→ **Available data**
● ● ●
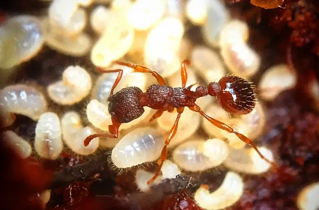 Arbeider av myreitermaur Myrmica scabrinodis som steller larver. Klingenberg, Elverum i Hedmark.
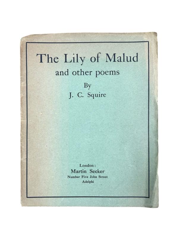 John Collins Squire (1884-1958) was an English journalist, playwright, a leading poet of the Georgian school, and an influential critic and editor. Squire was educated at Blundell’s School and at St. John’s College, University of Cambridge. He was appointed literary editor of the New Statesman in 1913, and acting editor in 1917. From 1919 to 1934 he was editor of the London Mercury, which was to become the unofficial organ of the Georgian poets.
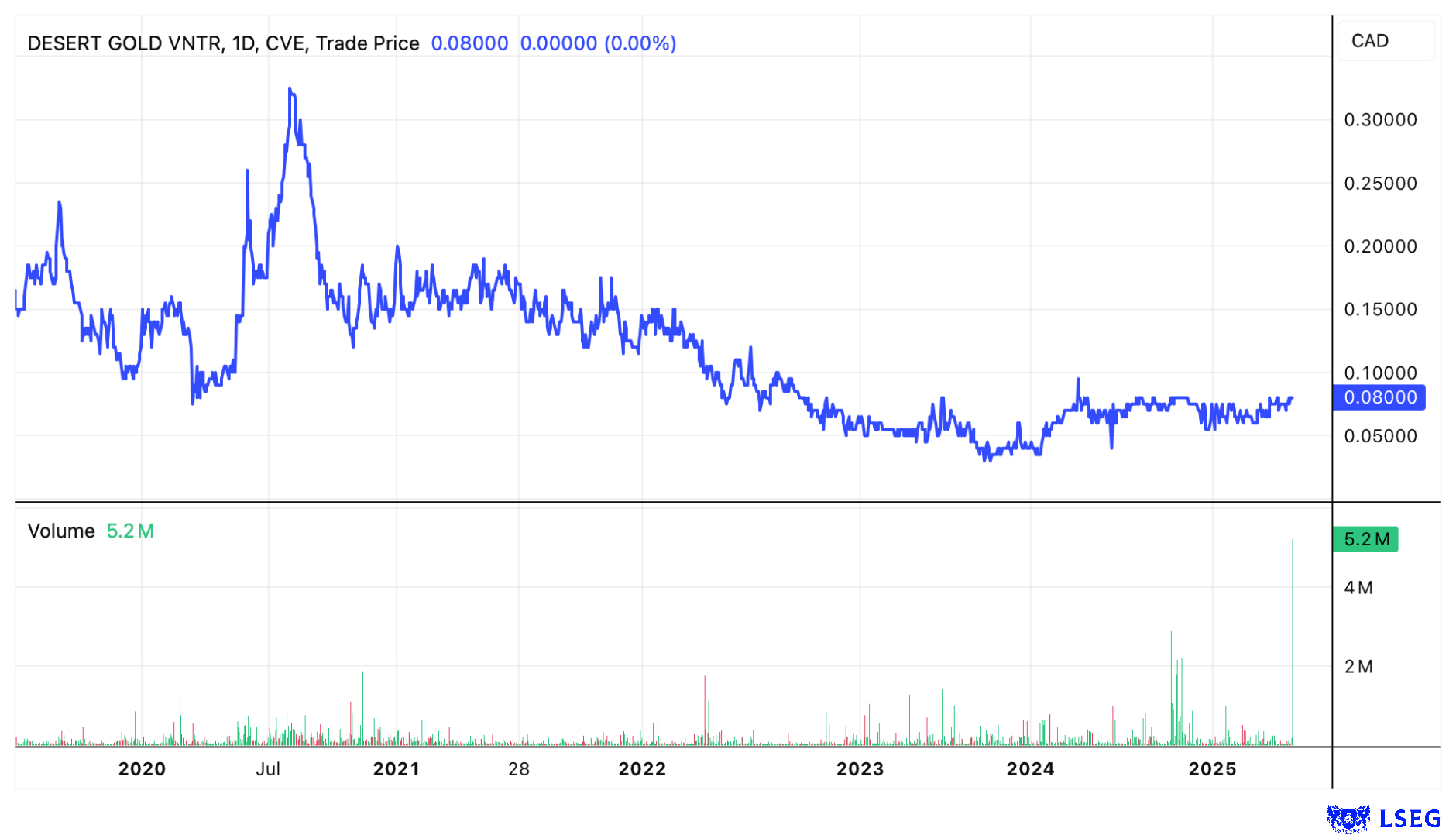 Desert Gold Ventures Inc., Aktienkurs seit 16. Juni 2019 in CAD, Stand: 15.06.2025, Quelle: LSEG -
● ● ●
Word-for-word restatement: every line from the one with "John Collins Squire" through the final line of the data, both ends included, pictures excluded.

 John Collins Squire (1884-1958) was an English journalist, playwright, a leading poet of the Georgian school, and an influential critic and editor. Squire was educated at Blundell’s School and at St. John’s College, University of Cambridge. He was appointed literary editor of the New Statesman in 1913, and acting editor in 1917. From 1919 to 1934 he was editor of the London Mercury, which was to become the unofficial organ of the Georgian poets.
 Desert Gold Ventures Inc., Aktienkurs seit 16. Juni 2019 in CAD, Stand: 15.06.2025, Quelle: LSEG -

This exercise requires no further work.